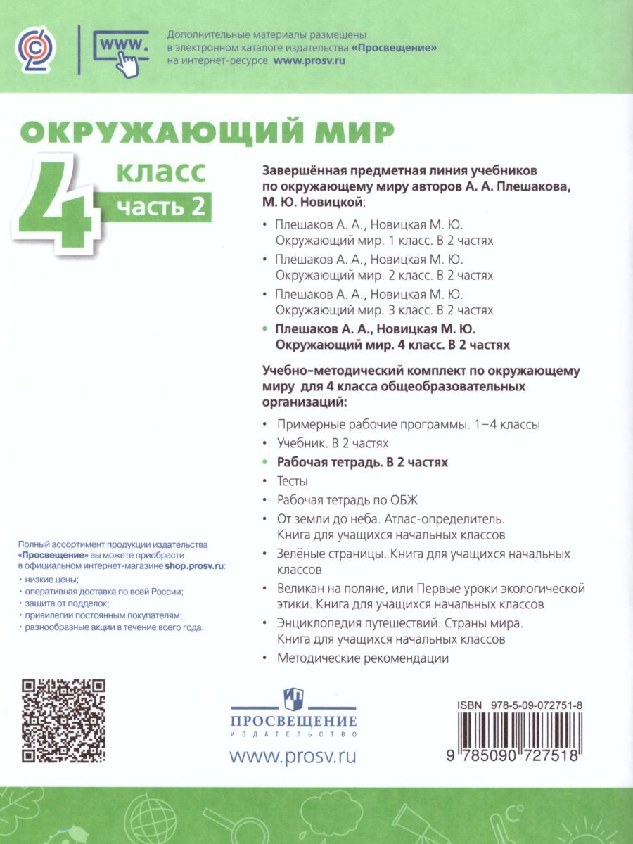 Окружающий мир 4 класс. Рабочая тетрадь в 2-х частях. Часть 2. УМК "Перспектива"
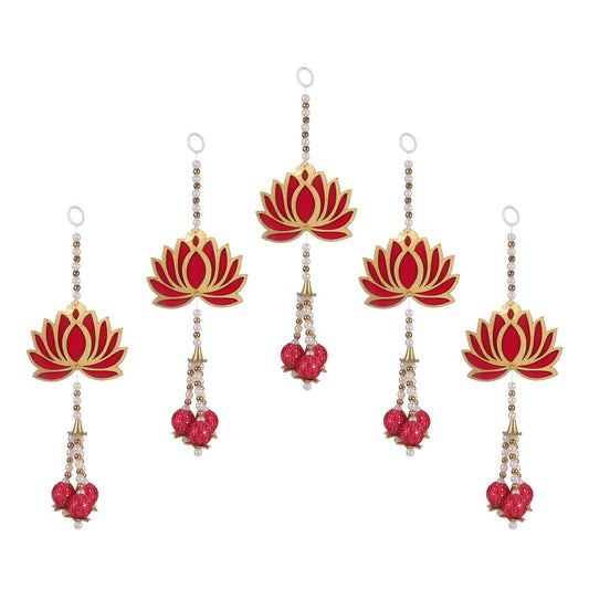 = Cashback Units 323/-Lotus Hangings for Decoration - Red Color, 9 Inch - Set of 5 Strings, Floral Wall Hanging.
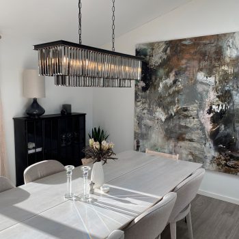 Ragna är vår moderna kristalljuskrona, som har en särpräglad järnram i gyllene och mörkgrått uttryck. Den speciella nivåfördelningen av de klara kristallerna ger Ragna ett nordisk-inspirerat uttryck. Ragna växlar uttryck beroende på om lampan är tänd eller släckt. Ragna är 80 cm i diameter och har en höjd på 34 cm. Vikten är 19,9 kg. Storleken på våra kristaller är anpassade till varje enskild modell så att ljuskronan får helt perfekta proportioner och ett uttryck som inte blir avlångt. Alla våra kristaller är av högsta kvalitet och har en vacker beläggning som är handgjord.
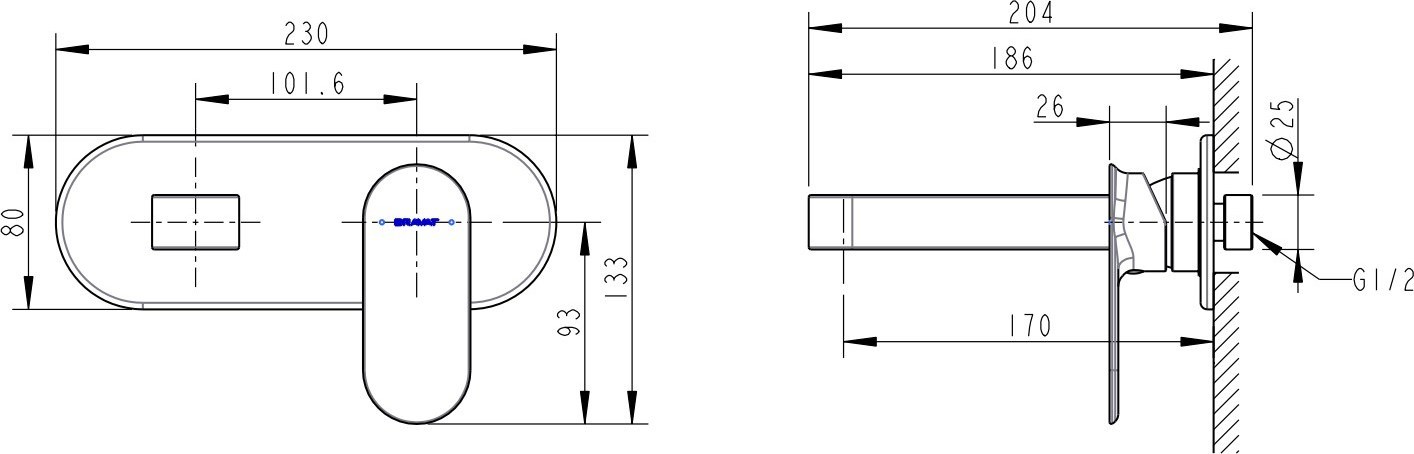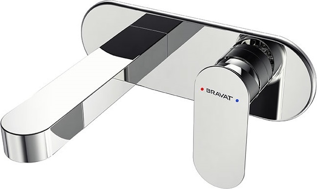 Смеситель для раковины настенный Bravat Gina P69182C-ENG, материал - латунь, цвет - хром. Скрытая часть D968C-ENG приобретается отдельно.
--
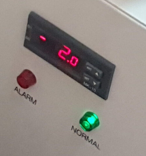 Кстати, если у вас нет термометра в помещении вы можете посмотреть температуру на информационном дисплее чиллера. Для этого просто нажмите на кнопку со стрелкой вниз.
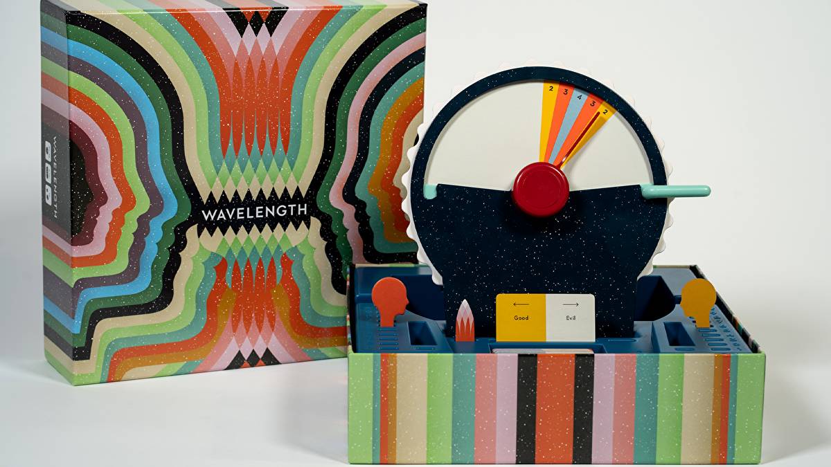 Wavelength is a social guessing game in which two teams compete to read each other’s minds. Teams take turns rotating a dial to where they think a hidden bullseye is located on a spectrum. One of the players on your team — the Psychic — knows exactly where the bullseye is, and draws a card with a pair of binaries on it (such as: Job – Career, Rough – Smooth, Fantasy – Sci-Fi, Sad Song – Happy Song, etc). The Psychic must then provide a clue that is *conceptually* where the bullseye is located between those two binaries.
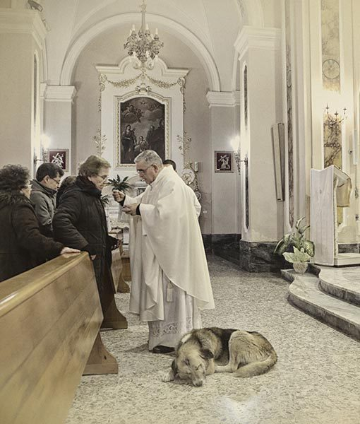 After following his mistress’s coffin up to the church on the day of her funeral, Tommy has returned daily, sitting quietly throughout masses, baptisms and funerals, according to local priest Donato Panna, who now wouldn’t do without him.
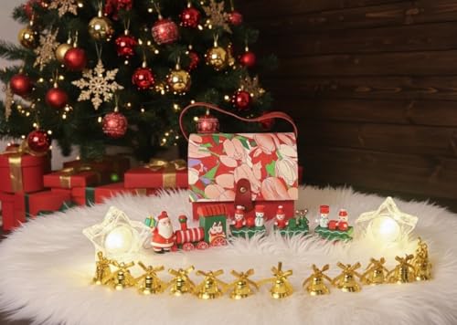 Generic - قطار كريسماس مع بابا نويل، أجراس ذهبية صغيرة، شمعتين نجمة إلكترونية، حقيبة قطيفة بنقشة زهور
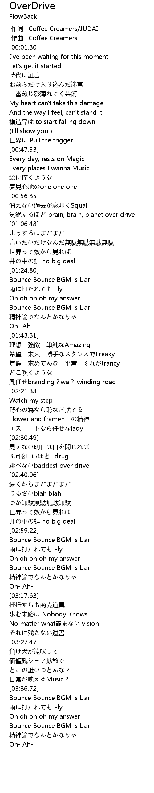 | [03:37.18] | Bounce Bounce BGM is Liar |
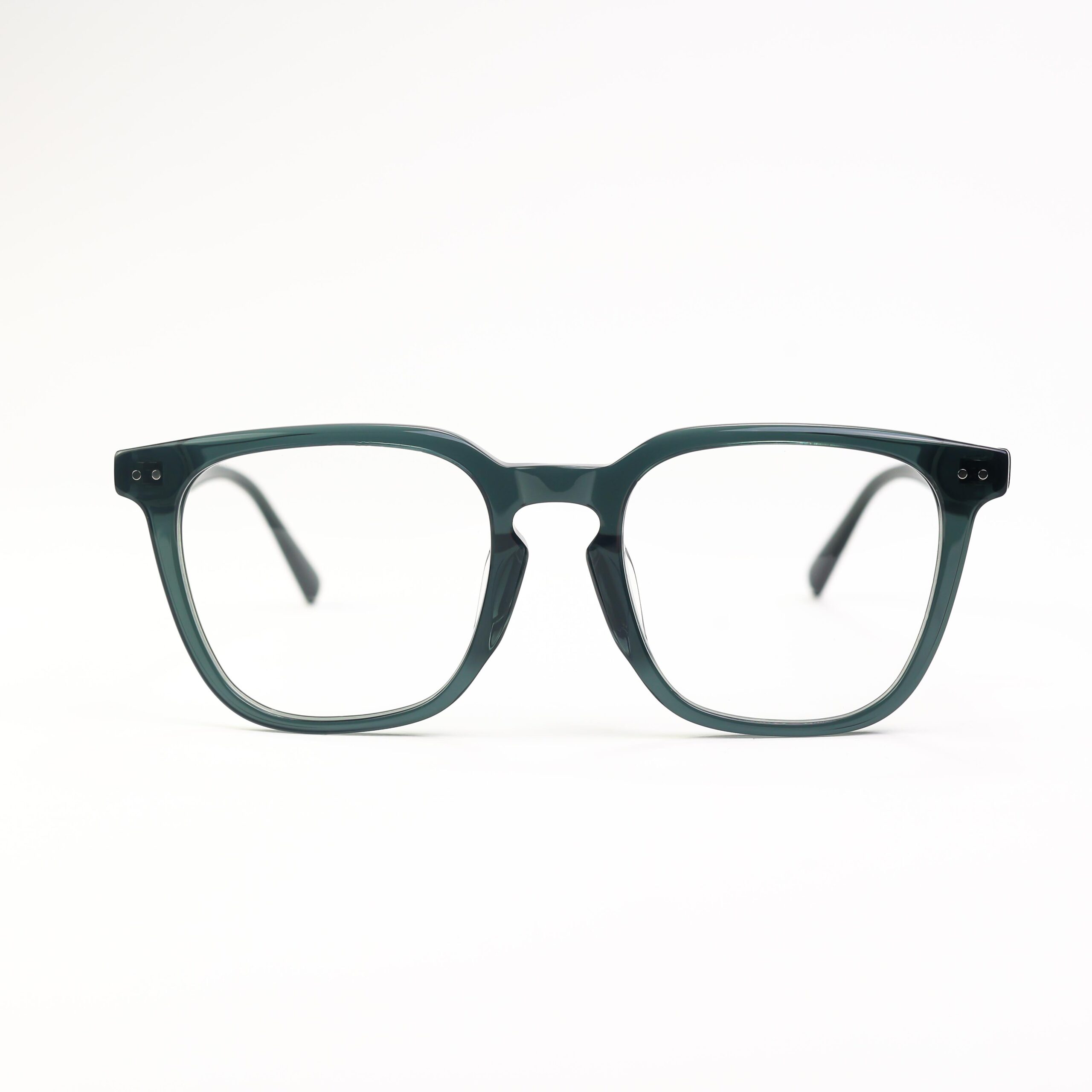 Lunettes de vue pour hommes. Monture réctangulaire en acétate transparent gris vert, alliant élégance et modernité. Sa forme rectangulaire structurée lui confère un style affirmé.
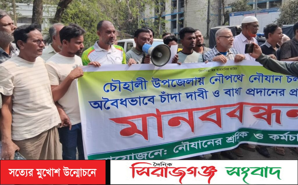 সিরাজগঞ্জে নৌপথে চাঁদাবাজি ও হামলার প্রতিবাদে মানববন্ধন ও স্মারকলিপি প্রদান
--
INSTRUCTIONS FOR THE TASK:
Using the entries above, transcribe every line from the line containing "After following his" through the line containing "BGM is Liar |". Do not copy pictures.

OUTPUT:
 After following his mistress’s coffin up to the church on the day of her funeral, Tommy has returned daily, sitting quietly throughout masses, baptisms and funerals, according to local priest Donato Panna, who now wouldn’t do without him.
 Generic - قطار كريسماس مع بابا نويل، أجراس ذهبية صغيرة، شمعتين نجمة إلكترونية، حقيبة قطيفة بنقشة زهور
 | [03:37.18] | Bounce Bounce BGM is Liar |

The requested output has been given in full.